▸ AVAILABLE DATA:
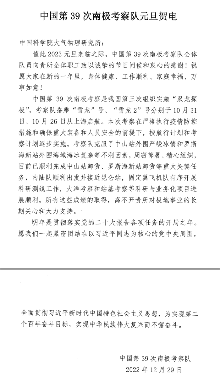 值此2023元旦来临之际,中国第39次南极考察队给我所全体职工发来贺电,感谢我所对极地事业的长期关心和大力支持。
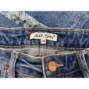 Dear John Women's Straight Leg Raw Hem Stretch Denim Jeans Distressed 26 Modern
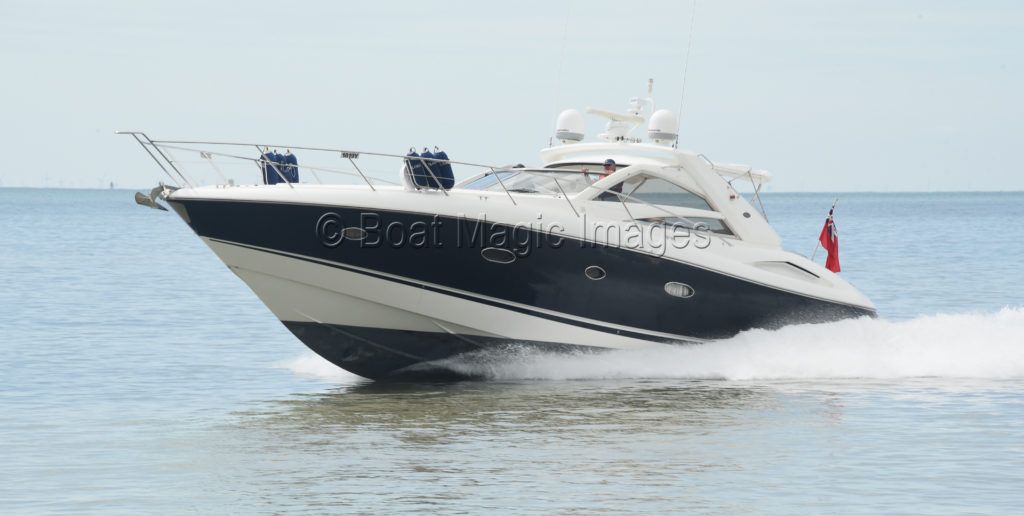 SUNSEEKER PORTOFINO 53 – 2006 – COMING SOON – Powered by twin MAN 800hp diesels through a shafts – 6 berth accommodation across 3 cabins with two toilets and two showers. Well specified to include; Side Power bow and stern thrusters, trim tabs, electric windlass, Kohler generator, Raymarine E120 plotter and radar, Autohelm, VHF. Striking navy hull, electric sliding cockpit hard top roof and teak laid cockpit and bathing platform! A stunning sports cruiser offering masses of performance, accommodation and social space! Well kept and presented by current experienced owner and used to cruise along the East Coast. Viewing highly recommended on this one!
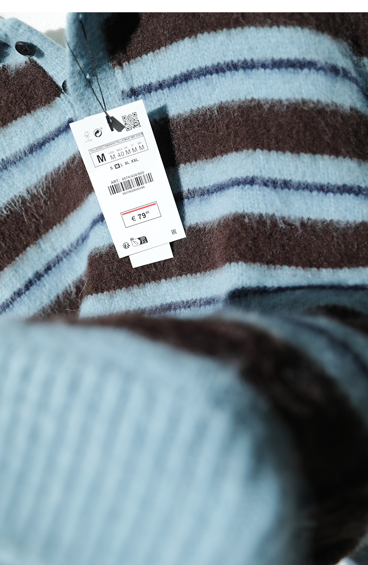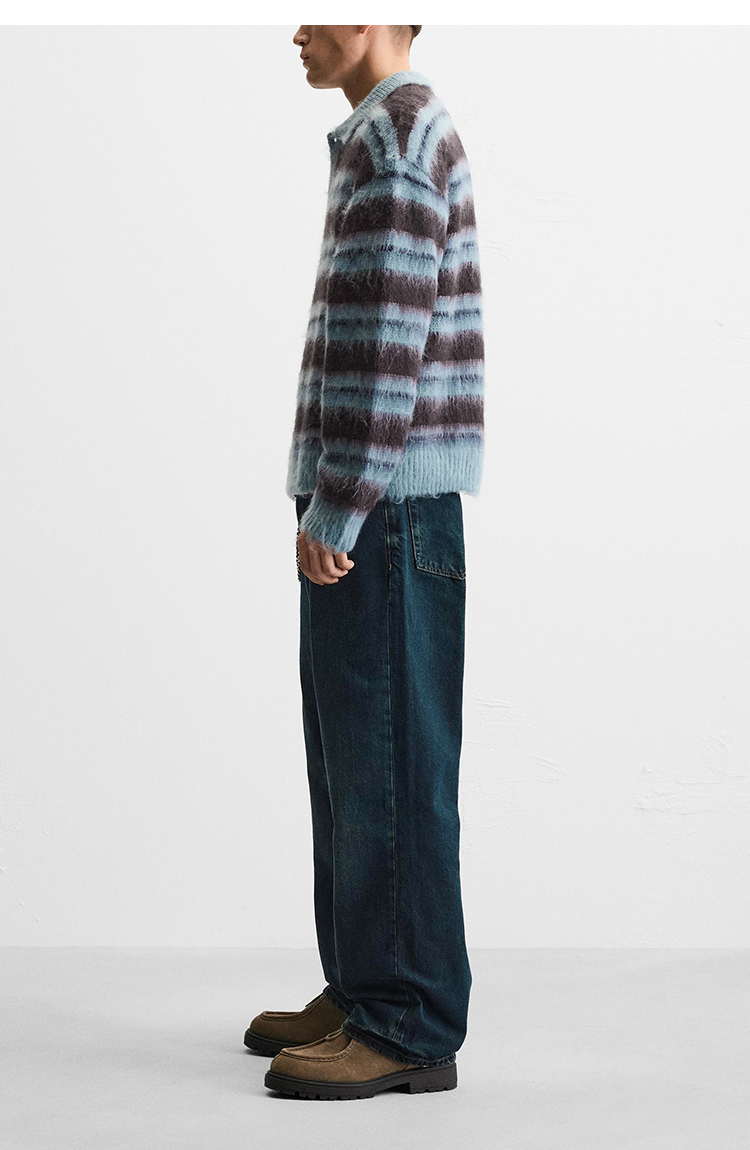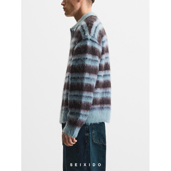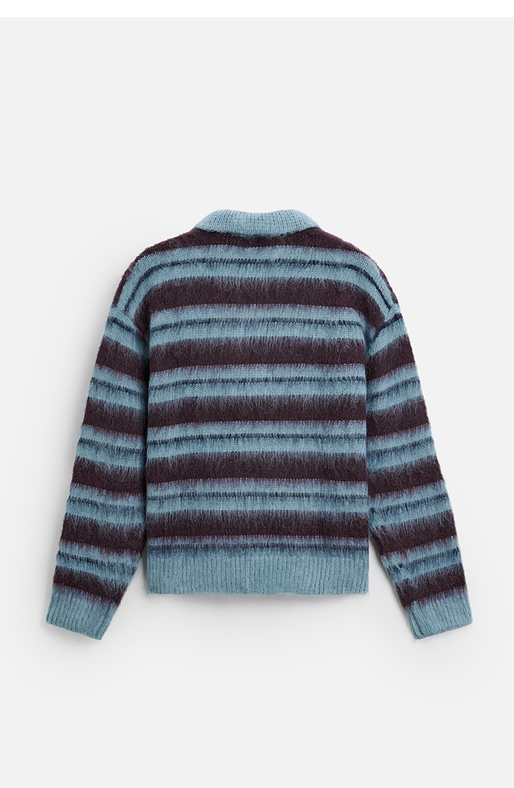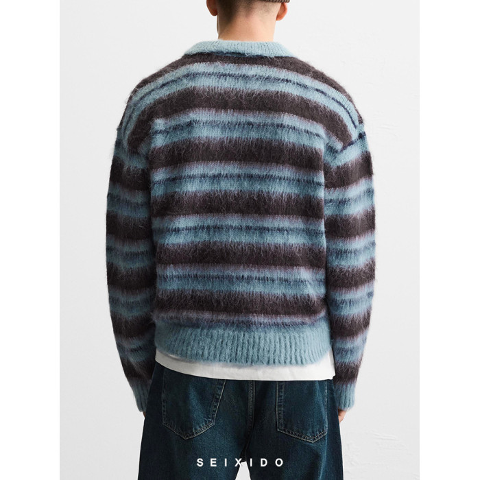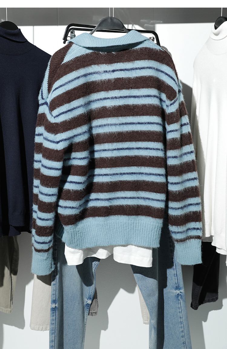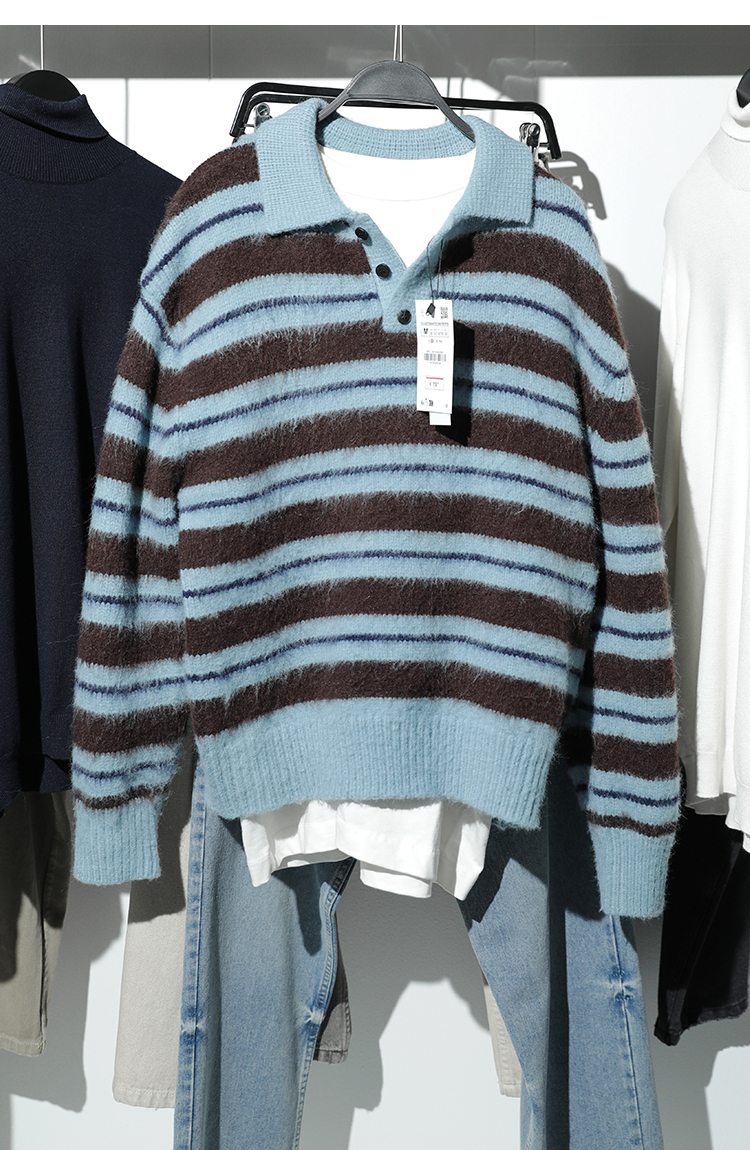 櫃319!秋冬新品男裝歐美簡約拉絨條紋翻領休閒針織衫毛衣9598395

▸ WHAT YOU SHOULD DO:
All the lines above should be reproduced exactly, and none of the pictures.

▸ TASK RESULT:
 值此2023元旦来临之际,中国第39次南极考察队给我所全体职工发来贺电,感谢我所对极地事业的长期关心和大力支持。
 Dear John Women's Straight Leg Raw Hem Stretch Denim Jeans Distressed 26 Modern
 SUNSEEKER PORTOFINO 53 – 2006 – COMING SOON – Powered by twin MAN 800hp diesels through a shafts – 6 berth accommodation across 3 cabins with two toilets and two showers. Well specified to include; Side Power bow and stern thrusters, trim tabs, electric windlass, Kohler generator, Raymarine E120 plotter and radar, Autohelm, VHF. Striking navy hull, electric sliding cockpit hard top roof and teak laid cockpit and bathing platform! A stunning sports cruiser offering masses of performance, accommodation and social space! Well kept and presented by current experienced owner and used to cruise along the East Coast. Viewing highly recommended on this one!
 櫃319!秋冬新品男裝歐美簡約拉絨條紋翻領休閒針織衫毛衣9598395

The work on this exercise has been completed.